An exact restatement of the data below, with the pictures removed, is the required answer.

AVAILABLE RECORDS -
<<<<
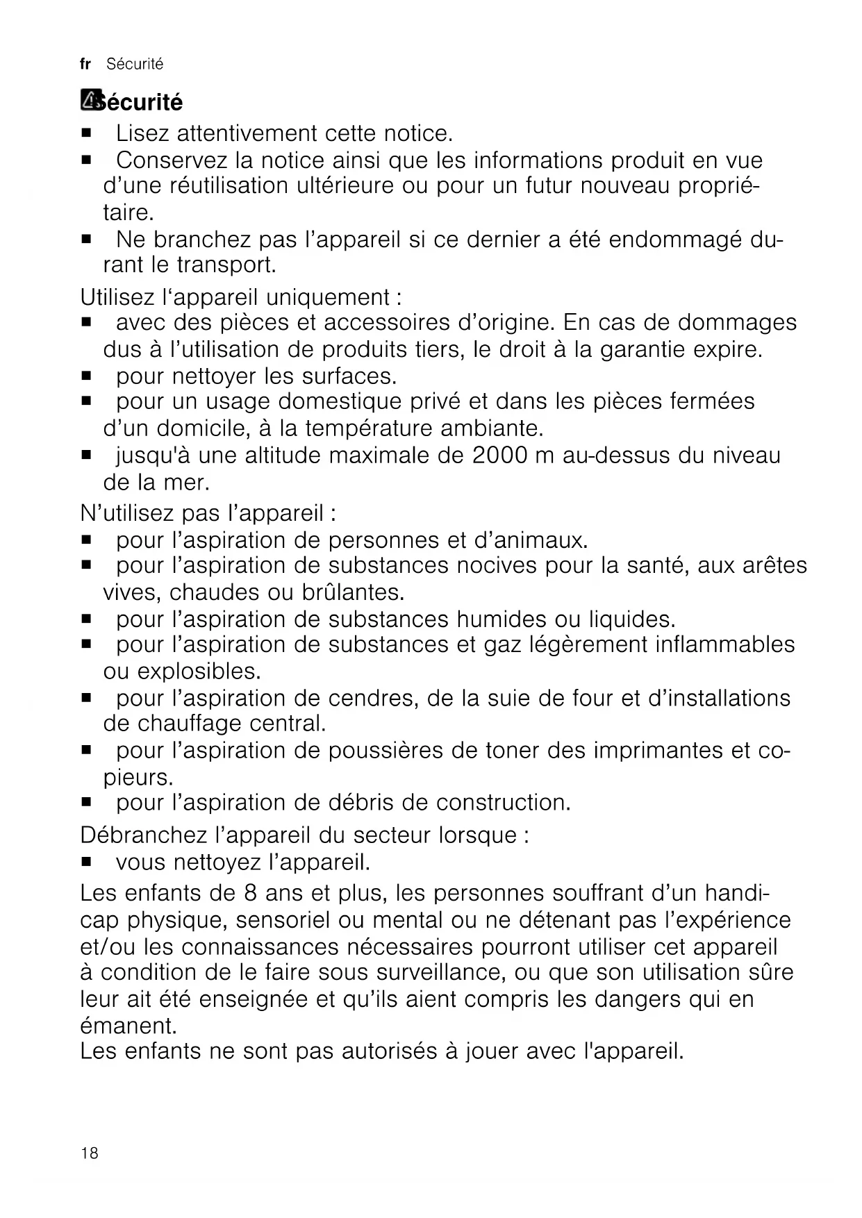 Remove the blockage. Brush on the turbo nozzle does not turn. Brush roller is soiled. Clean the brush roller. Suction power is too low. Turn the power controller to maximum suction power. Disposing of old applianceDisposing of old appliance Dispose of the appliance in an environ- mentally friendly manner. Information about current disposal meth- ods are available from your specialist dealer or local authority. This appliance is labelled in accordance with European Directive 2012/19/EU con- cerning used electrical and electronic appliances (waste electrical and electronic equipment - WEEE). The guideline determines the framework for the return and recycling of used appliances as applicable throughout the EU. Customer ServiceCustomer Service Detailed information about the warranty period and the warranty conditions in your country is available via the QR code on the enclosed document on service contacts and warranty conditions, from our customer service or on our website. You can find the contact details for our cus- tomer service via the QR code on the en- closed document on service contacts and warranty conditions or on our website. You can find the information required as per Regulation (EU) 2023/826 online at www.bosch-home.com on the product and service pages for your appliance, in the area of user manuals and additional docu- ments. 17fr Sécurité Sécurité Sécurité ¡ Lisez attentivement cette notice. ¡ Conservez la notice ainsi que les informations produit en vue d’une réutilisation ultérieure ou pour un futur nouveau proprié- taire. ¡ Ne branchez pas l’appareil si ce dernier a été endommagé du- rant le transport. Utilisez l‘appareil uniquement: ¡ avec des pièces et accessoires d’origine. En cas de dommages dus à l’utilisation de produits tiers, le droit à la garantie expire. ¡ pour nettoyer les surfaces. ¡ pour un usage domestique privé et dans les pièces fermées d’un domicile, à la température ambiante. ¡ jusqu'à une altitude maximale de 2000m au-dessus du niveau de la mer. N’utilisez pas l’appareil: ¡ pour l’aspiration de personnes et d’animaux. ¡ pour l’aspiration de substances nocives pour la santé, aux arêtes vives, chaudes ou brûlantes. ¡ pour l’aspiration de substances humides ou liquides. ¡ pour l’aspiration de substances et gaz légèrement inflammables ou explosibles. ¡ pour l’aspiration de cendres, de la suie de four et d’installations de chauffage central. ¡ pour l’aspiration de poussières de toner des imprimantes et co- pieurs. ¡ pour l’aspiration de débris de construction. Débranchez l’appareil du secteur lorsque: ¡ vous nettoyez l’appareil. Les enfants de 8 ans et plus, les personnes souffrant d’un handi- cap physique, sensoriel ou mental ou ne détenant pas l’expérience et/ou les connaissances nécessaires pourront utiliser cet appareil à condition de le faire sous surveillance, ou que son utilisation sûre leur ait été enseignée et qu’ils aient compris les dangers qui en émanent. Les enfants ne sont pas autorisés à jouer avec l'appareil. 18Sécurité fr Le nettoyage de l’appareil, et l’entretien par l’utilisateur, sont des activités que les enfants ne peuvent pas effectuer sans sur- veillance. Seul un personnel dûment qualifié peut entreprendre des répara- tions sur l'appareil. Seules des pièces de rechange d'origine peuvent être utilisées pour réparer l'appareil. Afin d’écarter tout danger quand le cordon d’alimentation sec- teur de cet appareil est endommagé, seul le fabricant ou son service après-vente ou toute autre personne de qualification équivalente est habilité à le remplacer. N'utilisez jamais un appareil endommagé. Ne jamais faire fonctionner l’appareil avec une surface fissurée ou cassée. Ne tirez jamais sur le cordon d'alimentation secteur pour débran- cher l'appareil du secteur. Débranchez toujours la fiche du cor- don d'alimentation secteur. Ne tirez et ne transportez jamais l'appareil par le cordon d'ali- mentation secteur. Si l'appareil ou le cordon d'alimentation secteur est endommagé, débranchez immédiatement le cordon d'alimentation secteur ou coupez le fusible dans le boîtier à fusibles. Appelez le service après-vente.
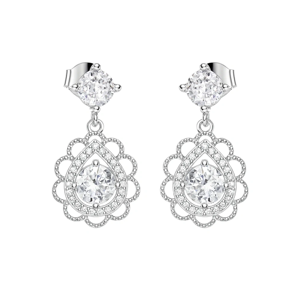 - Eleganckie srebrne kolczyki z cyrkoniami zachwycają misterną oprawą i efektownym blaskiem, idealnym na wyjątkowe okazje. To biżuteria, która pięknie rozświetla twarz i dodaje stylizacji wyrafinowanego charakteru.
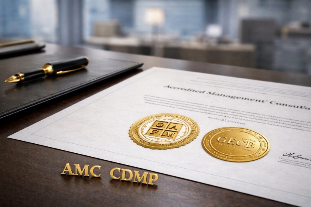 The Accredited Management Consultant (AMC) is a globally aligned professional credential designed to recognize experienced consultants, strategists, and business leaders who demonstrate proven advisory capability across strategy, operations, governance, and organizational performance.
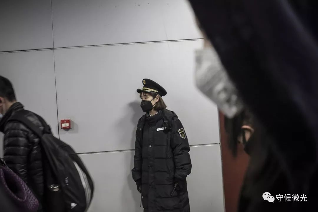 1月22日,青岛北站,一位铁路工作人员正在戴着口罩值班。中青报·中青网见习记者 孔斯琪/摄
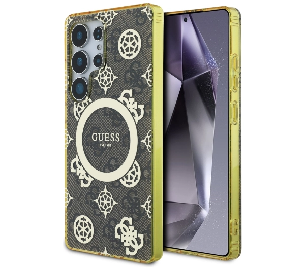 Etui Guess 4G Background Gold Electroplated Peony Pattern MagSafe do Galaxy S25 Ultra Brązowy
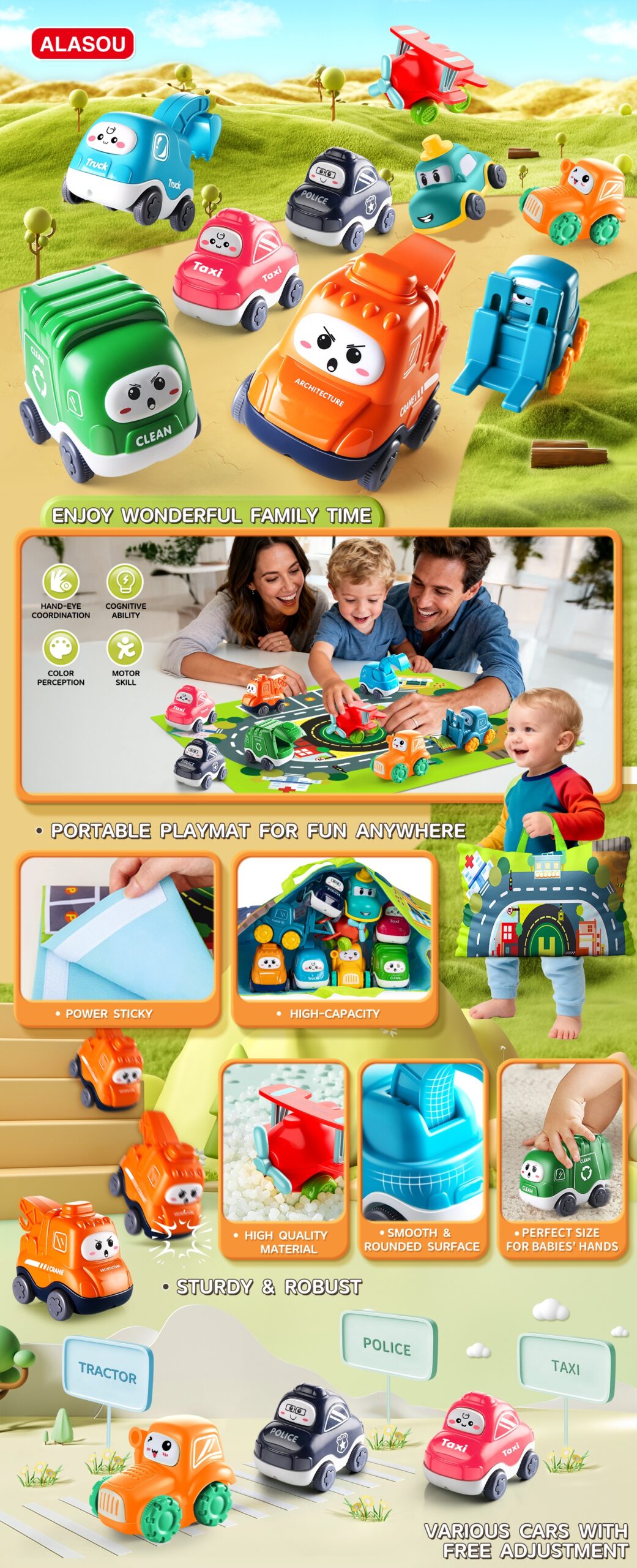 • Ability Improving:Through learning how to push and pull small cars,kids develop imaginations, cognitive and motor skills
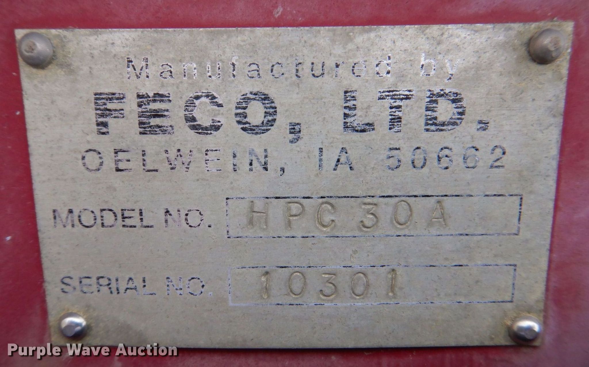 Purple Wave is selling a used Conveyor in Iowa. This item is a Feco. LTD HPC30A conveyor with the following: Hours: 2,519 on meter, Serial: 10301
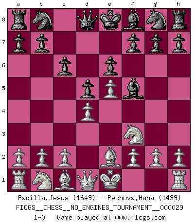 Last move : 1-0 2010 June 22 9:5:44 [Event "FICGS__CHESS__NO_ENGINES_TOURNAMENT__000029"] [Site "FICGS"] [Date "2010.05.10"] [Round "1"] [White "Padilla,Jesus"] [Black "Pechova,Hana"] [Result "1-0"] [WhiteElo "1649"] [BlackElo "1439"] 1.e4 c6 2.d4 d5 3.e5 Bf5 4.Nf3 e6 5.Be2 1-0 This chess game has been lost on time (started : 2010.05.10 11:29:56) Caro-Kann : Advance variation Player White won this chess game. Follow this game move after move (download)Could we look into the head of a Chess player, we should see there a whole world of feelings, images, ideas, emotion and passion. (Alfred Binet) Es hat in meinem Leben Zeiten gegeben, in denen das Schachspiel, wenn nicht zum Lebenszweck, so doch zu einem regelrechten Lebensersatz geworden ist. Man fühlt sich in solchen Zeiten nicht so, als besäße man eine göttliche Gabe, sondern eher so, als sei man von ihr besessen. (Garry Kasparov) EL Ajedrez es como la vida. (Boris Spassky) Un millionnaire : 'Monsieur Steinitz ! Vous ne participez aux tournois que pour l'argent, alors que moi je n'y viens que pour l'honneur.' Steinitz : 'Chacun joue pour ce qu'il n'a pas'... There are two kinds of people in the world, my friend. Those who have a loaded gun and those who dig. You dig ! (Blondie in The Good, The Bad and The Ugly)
>>>>
ANSWER -
 Remove the blockage. Brush on the turbo nozzle does not turn. Brush roller is soiled. Clean the brush roller. Suction power is too low. Turn the power controller to maximum suction power. Disposing of old applianceDisposing of old appliance Dispose of the appliance in an environ- mentally friendly manner. Information about current disposal meth- ods are available from your specialist dealer or local authority. This appliance is labelled in accordance with European Directive 2012/19/EU con- cerning used electrical and electronic appliances (waste electrical and electronic equipment - WEEE). The guideline determines the framework for the return and recycling of used appliances as applicable throughout the EU. Customer ServiceCustomer Service Detailed information about the warranty period and the warranty conditions in your country is available via the QR code on the enclosed document on service contacts and warranty conditions, from our customer service or on our website. You can find the contact details for our cus- tomer service via the QR code on the en- closed document on service contacts and warranty conditions or on our website. You can find the information required as per Regulation (EU) 2023/826 online at www.bosch-home.com on the product and service pages for your appliance, in the area of user manuals and additional docu- ments. 17fr Sécurité Sécurité Sécurité ¡ Lisez attentivement cette notice. ¡ Conservez la notice ainsi que les informations produit en vue d’une réutilisation ultérieure ou pour un futur nouveau proprié- taire. ¡ Ne branchez pas l’appareil si ce dernier a été endommagé du- rant le transport. Utilisez l‘appareil uniquement: ¡ avec des pièces et accessoires d’origine. En cas de dommages dus à l’utilisation de produits tiers, le droit à la garantie expire. ¡ pour nettoyer les surfaces. ¡ pour un usage domestique privé et dans les pièces fermées d’un domicile, à la température ambiante. ¡ jusqu'à une altitude maximale de 2000m au-dessus du niveau de la mer. N’utilisez pas l’appareil: ¡ pour l’aspiration de personnes et d’animaux. ¡ pour l’aspiration de substances nocives pour la santé, aux arêtes vives, chaudes ou brûlantes. ¡ pour l’aspiration de substances humides ou liquides. ¡ pour l’aspiration de substances et gaz légèrement inflammables ou explosibles. ¡ pour l’aspiration de cendres, de la suie de four et d’installations de chauffage central. ¡ pour l’aspiration de poussières de toner des imprimantes et co- pieurs. ¡ pour l’aspiration de débris de construction. Débranchez l’appareil du secteur lorsque: ¡ vous nettoyez l’appareil. Les enfants de 8 ans et plus, les personnes souffrant d’un handi- cap physique, sensoriel ou mental ou ne détenant pas l’expérience et/ou les connaissances nécessaires pourront utiliser cet appareil à condition de le faire sous surveillance, ou que son utilisation sûre leur ait été enseignée et qu’ils aient compris les dangers qui en émanent. Les enfants ne sont pas autorisés à jouer avec l'appareil. 18Sécurité fr Le nettoyage de l’appareil, et l’entretien par l’utilisateur, sont des activités que les enfants ne peuvent pas effectuer sans sur- veillance. Seul un personnel dûment qualifié peut entreprendre des répara- tions sur l'appareil. Seules des pièces de rechange d'origine peuvent être utilisées pour réparer l'appareil. Afin d’écarter tout danger quand le cordon d’alimentation sec- teur de cet appareil est endommagé, seul le fabricant ou son service après-vente ou toute autre personne de qualification équivalente est habilité à le remplacer. N'utilisez jamais un appareil endommagé. Ne jamais faire fonctionner l’appareil avec une surface fissurée ou cassée. Ne tirez jamais sur le cordon d'alimentation secteur pour débran- cher l'appareil du secteur. Débranchez toujours la fiche du cor- don d'alimentation secteur. Ne tirez et ne transportez jamais l'appareil par le cordon d'ali- mentation secteur. Si l'appareil ou le cordon d'alimentation secteur est endommagé, débranchez immédiatement le cordon d'alimentation secteur ou coupez le fusible dans le boîtier à fusibles. Appelez le service après-vente.
 - Eleganckie srebrne kolczyki z cyrkoniami zachwycają misterną oprawą i efektownym blaskiem, idealnym na wyjątkowe okazje. To biżuteria, która pięknie rozświetla twarz i dodaje stylizacji wyrafinowanego charakteru.
 The Accredited Management Consultant (AMC) is a globally aligned professional credential designed to recognize experienced consultants, strategists, and business leaders who demonstrate proven advisory capability across strategy, operations, governance, and organizational performance.
 1月22日,青岛北站,一位铁路工作人员正在戴着口罩值班。中青报·中青网见习记者 孔斯琪/摄
 Etui Guess 4G Background Gold Electroplated Peony Pattern MagSafe do Galaxy S25 Ultra Brązowy
 • Ability Improving:Through learning how to push and pull small cars,kids develop imaginations, cognitive and motor skills
 Purple Wave is selling a used Conveyor in Iowa. This item is a Feco. LTD HPC30A conveyor with the following: Hours: 2,519 on meter, Serial: 10301
 Last move : 1-0 2010 June 22 9:5:44 [Event "FICGS__CHESS__NO_ENGINES_TOURNAMENT__000029"] [Site "FICGS"] [Date "2010.05.10"] [Round "1"] [White "Padilla,Jesus"] [Black "Pechova,Hana"] [Result "1-0"] [WhiteElo "1649"] [BlackElo "1439"] 1.e4 c6 2.d4 d5 3.e5 Bf5 4.Nf3 e6 5.Be2 1-0 This chess game has been lost on time (started : 2010.05.10 11:29:56) Caro-Kann : Advance variation Player White won this chess game. Follow this game move after move (download)Could we look into the head of a Chess player, we should see there a whole world of feelings, images, ideas, emotion and passion. (Alfred Binet) Es hat in meinem Leben Zeiten gegeben, in denen das Schachspiel, wenn nicht zum Lebenszweck, so doch zu einem regelrechten Lebensersatz geworden ist. Man fühlt sich in solchen Zeiten nicht so, als besäße man eine göttliche Gabe, sondern eher so, als sei man von ihr besessen. (Garry Kasparov) EL Ajedrez es como la vida. (Boris Spassky) Un millionnaire : 'Monsieur Steinitz ! Vous ne participez aux tournois que pour l'argent, alors que moi je n'y viens que pour l'honneur.' Steinitz : 'Chacun joue pour ce qu'il n'a pas'... There are two kinds of people in the world, my friend. Those who have a loaded gun and those who dig. You dig ! (Blondie in The Good, The Bad and The Ugly)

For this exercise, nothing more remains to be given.